ACTIVITY: Everything from the first line of the material to the line containing "A fejléc jobb", inclusive, must be given again exactly; no pictures, and nothing past that line.

++++ STORED DATA

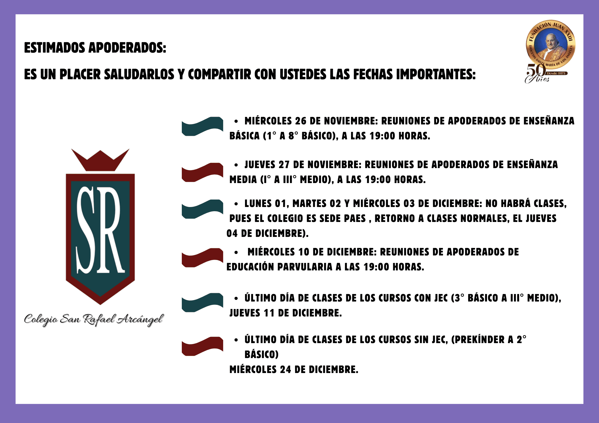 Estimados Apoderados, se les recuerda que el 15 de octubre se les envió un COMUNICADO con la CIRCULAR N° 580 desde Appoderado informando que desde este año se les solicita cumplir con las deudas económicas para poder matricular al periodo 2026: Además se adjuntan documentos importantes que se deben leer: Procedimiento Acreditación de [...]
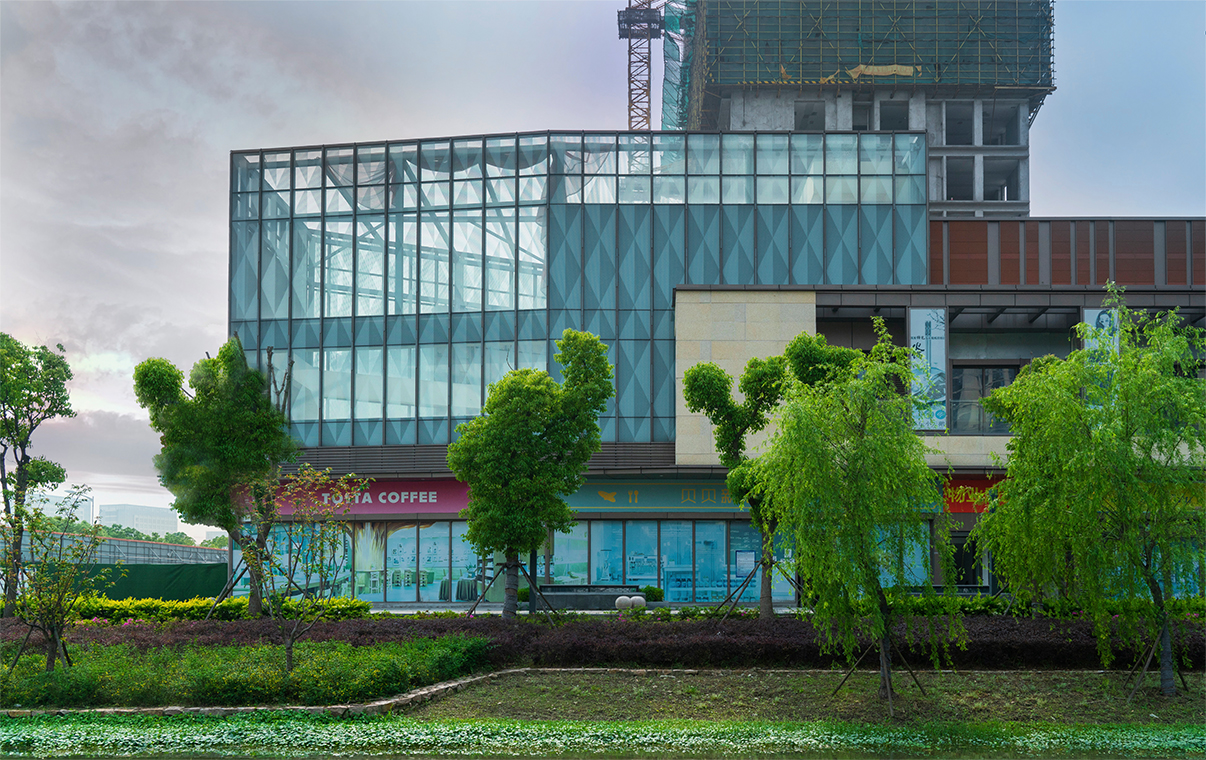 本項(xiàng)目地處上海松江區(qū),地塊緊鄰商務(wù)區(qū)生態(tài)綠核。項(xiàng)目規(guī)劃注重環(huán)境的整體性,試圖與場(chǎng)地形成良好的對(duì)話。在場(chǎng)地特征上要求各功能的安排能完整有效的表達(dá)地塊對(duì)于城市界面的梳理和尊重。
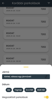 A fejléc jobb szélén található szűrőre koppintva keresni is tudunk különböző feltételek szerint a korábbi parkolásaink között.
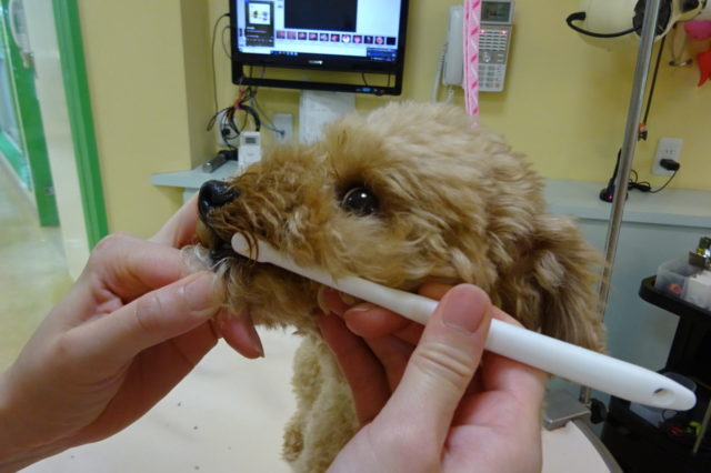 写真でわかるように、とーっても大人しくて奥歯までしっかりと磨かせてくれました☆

++++++++

ANSWER SECTION:
 Estimados Apoderados, se les recuerda que el 15 de octubre se les envió un COMUNICADO con la CIRCULAR N° 580 desde Appoderado informando que desde este año se les solicita cumplir con las deudas económicas para poder matricular al periodo 2026: Además se adjuntan documentos importantes que se deben leer: Procedimiento Acreditación de [...]
 本項(xiàng)目地處上海松江區(qū),地塊緊鄰商務(wù)區(qū)生態(tài)綠核。項(xiàng)目規(guī)劃注重環(huán)境的整體性,試圖與場(chǎng)地形成良好的對(duì)話。在場(chǎng)地特征上要求各功能的安排能完整有效的表達(dá)地塊對(duì)于城市界面的梳理和尊重。
 A fejléc jobb szélén található szűrőre koppintva keresni is tudunk különböző feltételek szerint a korábbi parkolásaink között.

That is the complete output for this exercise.